Máximo Pavéz ensaya otra explicación, al poner en duda que la
demanda por una Nueva Constitución y particularmente por una Asamblea
Constituyente sea tan popular o intensa. Puede tener razón en que el
pueblo no está intensa y masivamente movilizado para derribarla; pero una
Constitución necesita y merece más que eso. Requiere de un alto prestigio,
pues se les invoca como palabra final para dirimir toda disputa por el
poder, sea en el ámbito de quién y cómo está llamado a ejercerlo, sea
acerca de sus límites. Una Constitución necesita de prestigio, de aprecio
popular y ésta no lo tiene. La última encuesta MORI nos muestra que
menos de un 10% considera que debe mantenerse la actual y que es
mayoritaria la opinión que favorece una Asamblea Constituyente.
El problema del desprestigio constitucional no es ficticio.
Una tercera salida a la paradoja contenida en este libro consistiría en
negar las premisas con que varios de los autores defienden los frutos de
esta Carta Fundamental. Pero no es fácil salir por allí, pues más allá de
matices, estas alabanzas están en lo correcto. Puede discutirse el énfasis
con que el propio García, Miguel Ángel Fernández o Pfefer subrayan la
creciente vigencia de las libertades y de los derechos bajo su imperio; pero
no puede negarse que, comparativamente con nuestra historia, han sido
años de goce creciente de las libertades, sin suspensiones ni
interrupciones. Dificulto otros 25 años en la historia de Chile en que no se
haya recurrido a estados de excepción constitucional sino por desastres
naturales; en que haya regido tanto la libertad de expresión, o en que se
haya recurrido menos al derecho penal para zanjar los debates políticos.
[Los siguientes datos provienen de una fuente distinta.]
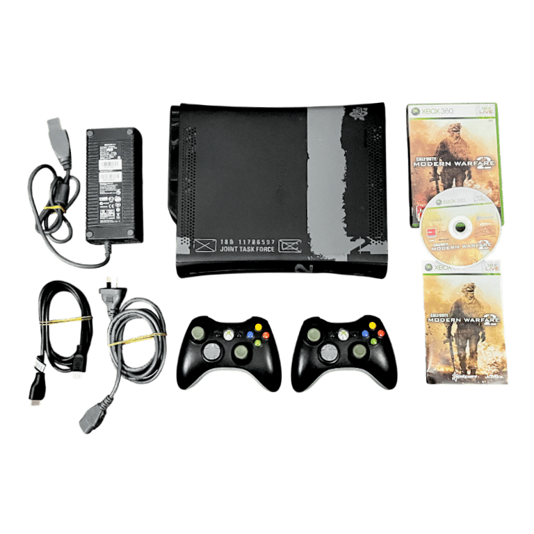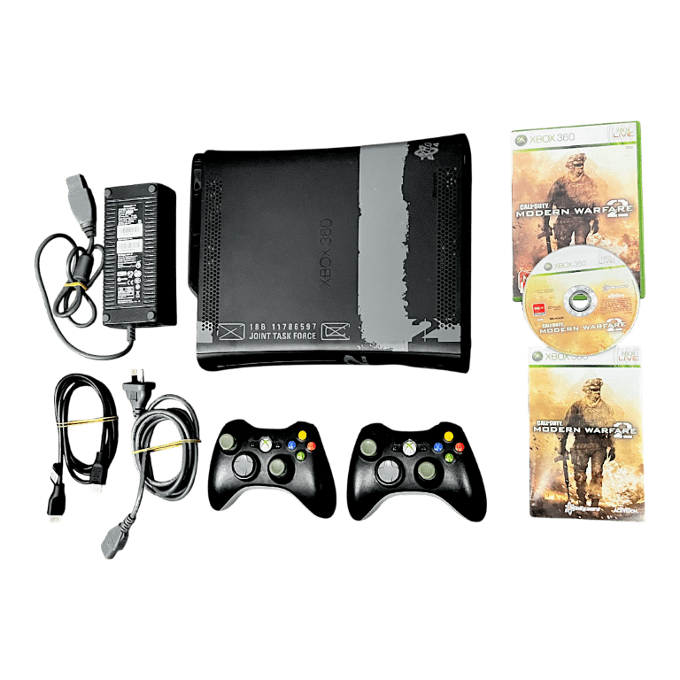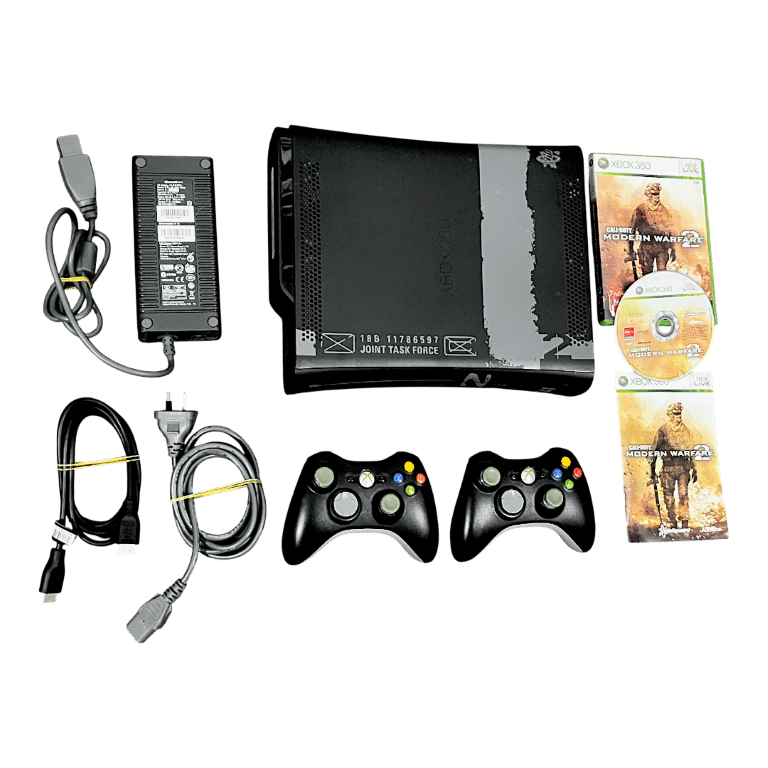 Rare Official LIMITED EDITION CALL OF DUTY MODERN WARFARE 2 Xbox 360 Console 250GB with TWO Official Microsoft Xbox 360 Controllers, AC Power Adapter, HDMI Lead, Power Lead, and Call of Duty Modern Warfare II the game in good condition with mild scratches only, and complete with manual. This preowned console is in good condition and perfect working order. Both controllers are in very good condition also. I noticed that one of the controllers inside the battery compartment I spotted a rusted spring, so this controller will likely need this spring either sanded or replaced . Authentic Limited Call of Duty Hardware. A highly sought after collector’s console. Refer photographs.

Tiene razón Pfefer al sostener que han sido 25 años en los que el poder ha
estado sometido al derecho, sin grandes estallidos sociales, ni amenazas de
intervención militar. Uno puede debatir con Teodoro Ribera acerca de la
relación causa a efecto tan cercana que él presenta entre esta Constitución
y el desarrollo económico alcanzado, pero lo que no puede negarse es que
bajo el imperio de la Carta del 80, el país ha progresado y la pobreza
disminuido como nunca antes en la historia, sin que la Constitución haya
impedido tampoco, como subraya Fermandois, las principales políticas
correctoras de énfasis neo liberales impulsadas por gobiernos de centro
izquierda.
¿Cómo explicarse que estemos en riesgo de tirar por la borda una
Carta Constitucional que por 25 años ha cumplido exitosamente sus
misiones más esenciales de regular eficazmente la competencia por y el
ejercicio mismo del poder; el disfrute de las libertades y la expansión
creciente de beneficios económicos, incluso garantizados como derechos
económicos?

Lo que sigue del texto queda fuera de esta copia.